For this year’s World Patient Safety Day (Sept. 17), we must acknowledge what the pandemic has exposed: the U.S. fails in using its extraordinary technology and information system capabilities to keep its patients and healthcare workers safe. The current crisis only emphasizes what our annual death rate from preventable medical error—upwards of 250,000 people a year—reveals. We are not resilient, resourceful or prepared to protect patients or workers.
The problems could be addressed with a strong national agency that can, at once, overcome a lack of preparedness for a pandemic as well as reduce our annual death toll from medical errors. Such an agency or authority would deploy a centralized, intelligent engineering system to anticipate shortages of supplies, test kits, and medications; correct our inefficient distribution system; rapidly extract best practices from our electronic health records and share them with front-line clinicians; and create a national and global safety learning network. What could be accomplished autonomously and virtually through available technologies would be deployed.

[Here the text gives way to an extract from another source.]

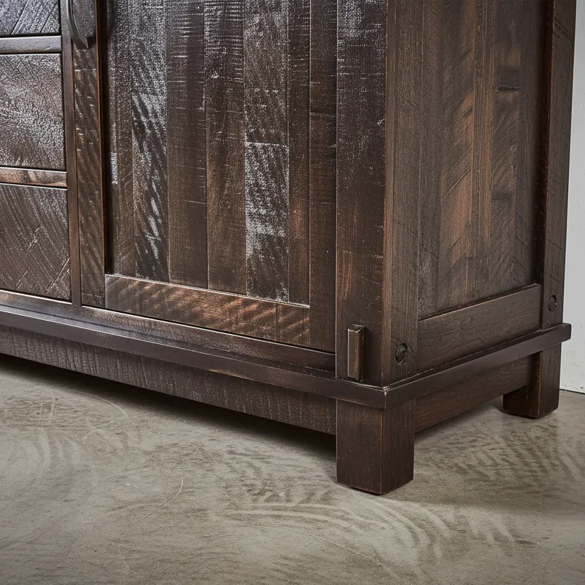 Elevate your space with this substantial cabinet, blending functional storage with an enduring, textured design.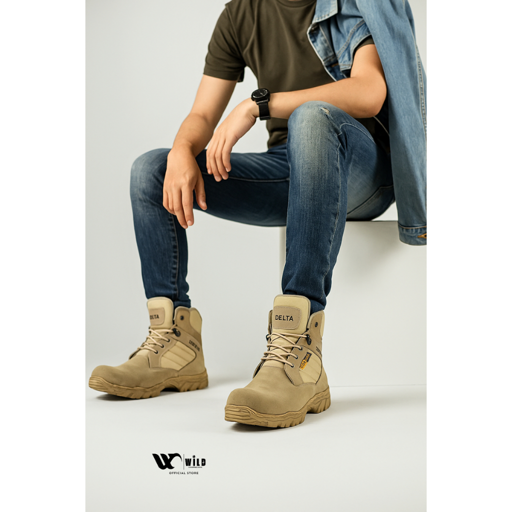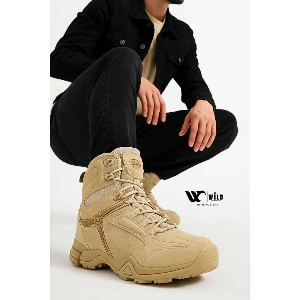 Sepatu Pria Boots Safety Ujung Besi - Cordura Tactical Krem Hitam - Sepatu Safety Pria Outdoor Tracking - WildShoes Offi

Think of NASA and all that went into landing a man safely on the moon. And those lessons are from more than 50 years ago. NASA needed to anticipate every conceivable harm and disaster and create corrective autonomous prevention systems. Human and technical error are both minimized when technology is applied to every conceivable glitch before takeoff. A command and control center assembles all the necessary expertise and data to continuously monitor a journey for signs of dysfunction and remotely resolve as many errors as possible. Where human life is concerned, harm and failure aren’t acceptable. And after every major event, all major glitches or incidents are investigated intensely, solutions identified and not repeated. This is what fail-safe systems do routinely. This is what we don’t do so well in healthcare.
We’re safer when we travel on highways, on tracks, and in the air because the National Transportation Safety Board performs these same functions. Using available data, technology and expert incident investigators, the NTSB proposes policy solutions (e.g., school bus construction guidelines), behavior changes (e.g., smoke detectors) or autonomous systems (e.g., airbags). The Department of Transportation, the Federal Aviation Administration and other regulators have adopted 90% of these recommendations. James Fallow asks in the June 29 issue of the Atlantic, “Imagine if the National Transportation Safety Board investigated America’s response to the coronavirus pandemic?” I know what would happen. We’d create a National Patient Safety Authority.
Why not? Why not protect patients and healthcare workers with the same focus and innovation that we’ve used to mitigate the risks from transportation, nuclear power, bioterrorism and cyberattacks? Right now, in the U.S., we collect data on patient or worker safety from 15 federal agencies, 80 state patient-safety organizations and numerous independent agencies. But we lack a centralized entity to capture and align these data for rapid, reliable and seamless flows of information to our front lines of care. We have yet to fully take advantage our $30 billion investment in electronic health records to identify the anomalies that tell us about best and worst practices—in real time, and we do not apply our learnings widely to save lives.
By not relying on new technologies such as predictive analytics, machine learning, artificial intelligence, and robotics, we have failed to relieve our clinicians of more reporting, longer checklists and inadvertent harms.
If we ask, what can the U.S. do to create the same safety and risk-avoidance protections that we do for our astronauts, those who work or live in proximity to nuclear power plants, and all travelers and pilots, we make an obvious suggestion: Create a National Patient Safety Authority.